Well, if we’ve got log to the base
nine of 27, then we can rewrite this using the formula that we’ve got on the
left-hand side. So, this becomes log to the base
something of 27 over log to the base something of nine. And we’ve got something because
it’s up to us to decide what’s going to be useful. Well, if we take a look at 27 and
nine, we can see that, in fact, both of these are three to the power of
something. So we’ve got three to the power of
three or three squared. So therefore, we could use three as
our base because this can become very useful when we have a look at one of our log
laws in a second to actually simplify what we have here.
So what this is gonna give us is
log to the base three of three cubed over log to the base three of three
squared. And now obviously, we’ve changed
the base of our logarithm here. But what I want to do is actually
just show how we would simplify this. We do that by using our log
rules. And the log rules we’re gonna use
are that log to the base 𝑎 of 𝑚 to the power of 𝑛 equals 𝑛 log to the base 𝑎 of
𝑚. And also, log to the base 𝑎 of 𝑎
is equal to one. Well, using the first rule, we get
three log to the base three of three over two log to the base three of three.
Well, then, if you use the second
rule, we see that log to the base three of three is just going to be one. So, we got three multiplied by one
over two multiplied by one, which would give us three over two. So, what we’ve done is we’ve shown
how we changed the base of a logarithm to help us simplify cause we’ve shown that
log to the base nine of 27 would be equal to three over two.

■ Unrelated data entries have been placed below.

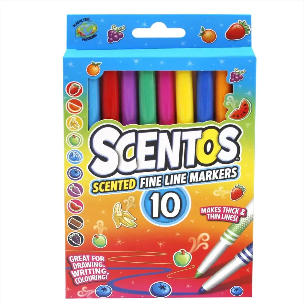 • A Scentos Illatos filctoll készlet igazi vidámságot hoz a rajzolás és írás világába. A színes filctollak nemcsak élénk árnyalataikkal, hanem kellemes, gyümölcsös illatukkal is feldobják az alkotást. Minden filctoll más színű és más illatú.
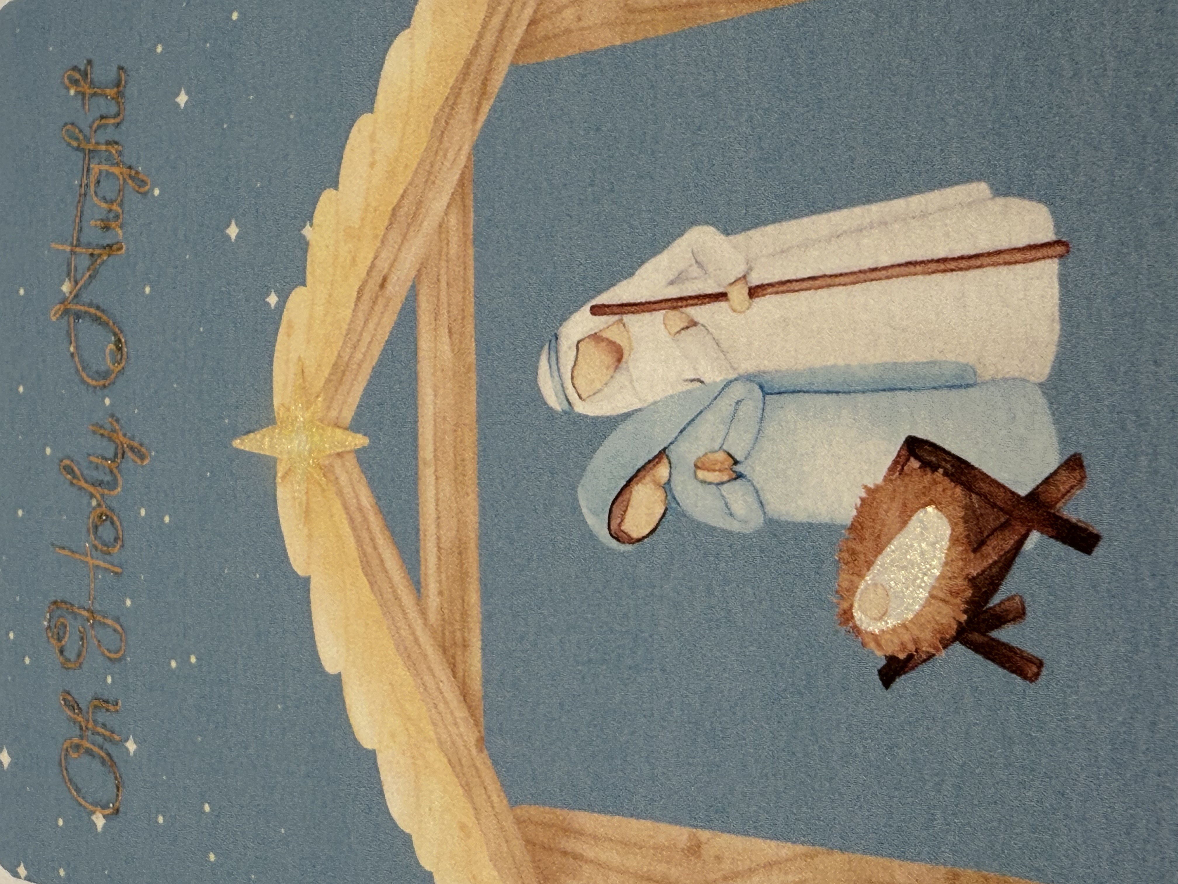 Reason for the season. O Holy Night design features baby Jesus in the manger with Mary and Joseph.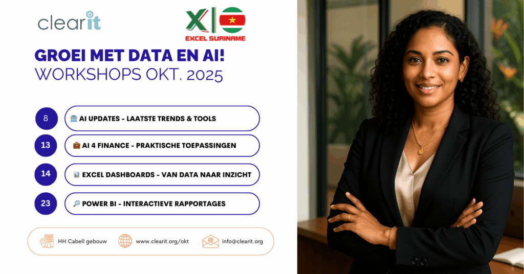 In oktober nodigen Clear IT Solutions en Excel Suriname je uit voor vier praktijkgerichte workshops waarin AI en datagedreven werken centraal staan. Elke sessie biedt actuele inzichten, hands-on oefeningen en voorbeelden die direct toepasbaar zijn in je dagelijkse werk. Programma: Datum Tijd Workshop […]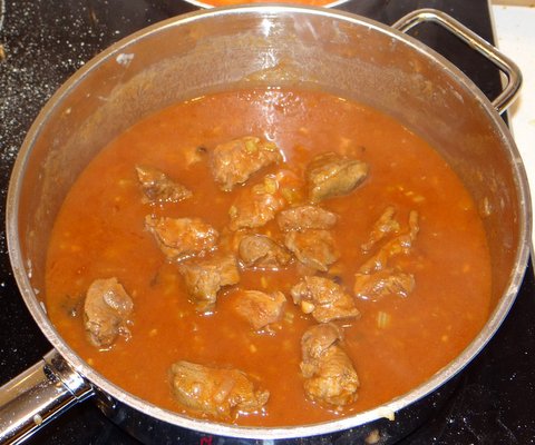 Cover, leaving the lid slightly askew. Lower the heat to a mere simmer, and simmer for 1 to 1 1/2 hours, stirring occasionally during the cooking.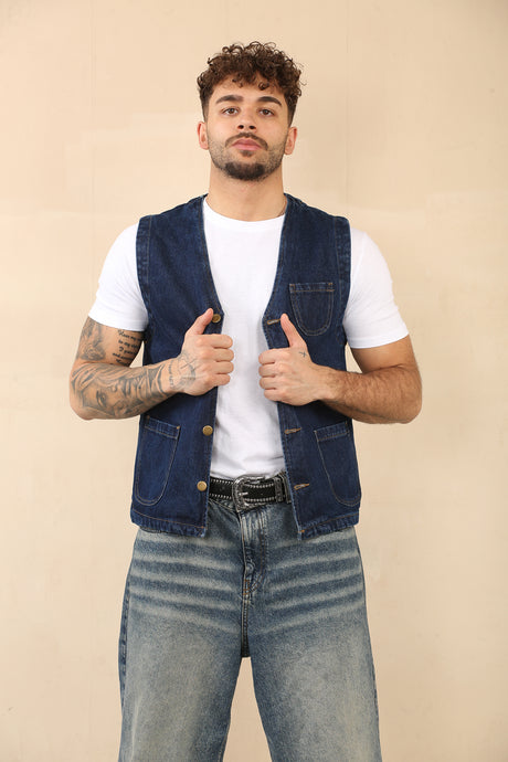 £14.45£17.00Unit price /UnavailableCotton Denim Waistcoat With Pockets (Dark Blue)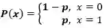 概率质量函数由下式给出:px(1-p)1-x, 其中x € (0, 1)。它也可以写成: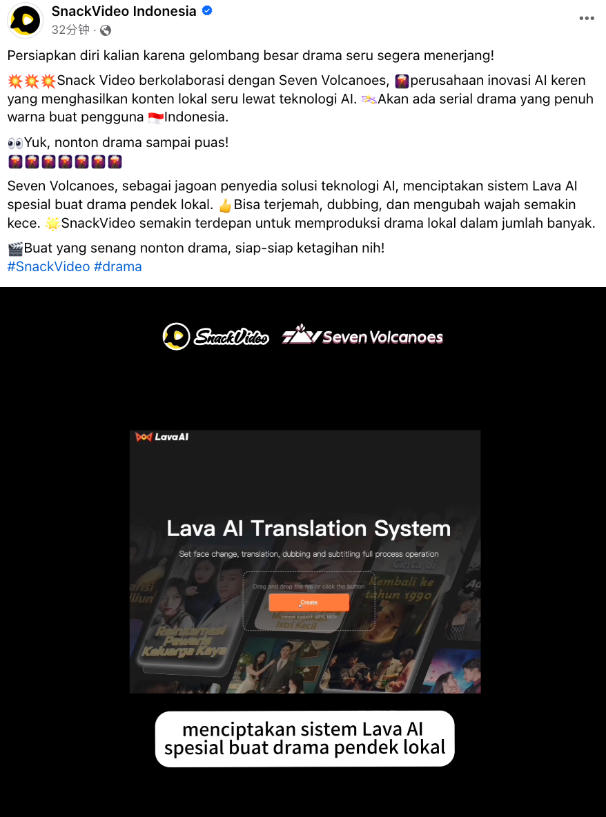 Seven Volcanoes作为SnackVideo的AI视频内容战略合作伙伴,通过前沿 AI 技术,实现海量内容的本地化,将为印尼用户带来精彩纷呈的短剧内容,助力SnackVideo的平台内容生态建设,开启新的探索之路。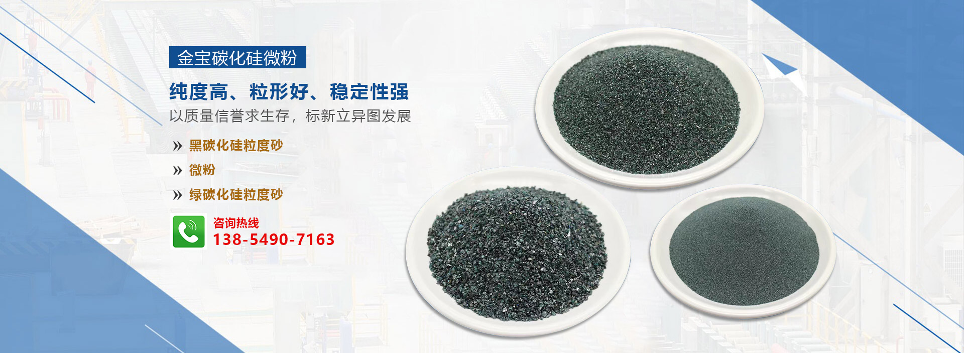 主要经营:黑碳化硅粒度砂、微粉和绿碳化硅粒度砂、微粉的生产销售,所生产的碳化硅微粉具有纯度高、粒形好、稳定性强等特点,

Okay, great. So now we’ve recaped some of the
skills we’re gonna need to actually solve our equations. Let’s get on and look at some
examples of how we solve equations using the changing of base of a logarithm.
Find the solution set of log to the
base three of 𝑥 equals log to the base nine of four in the set of real numbers.
So to solve this problem, what
we’re going to do is actually change the base of our logarithm. And we do that using this formula
here, which is that log to the base 𝑎 of 𝑏 equals log to the base 𝑥 of 𝑏 over
log to the base 𝑥 of 𝑎. And in our problem, we’re only
going to change the base of the logarithm on the right-hand side of the
equation. And that’s because we’re gonna keep
it as log to the base three on the left-hand side because that’s what we’re gonna
change the base number to with our right-hand logarithm.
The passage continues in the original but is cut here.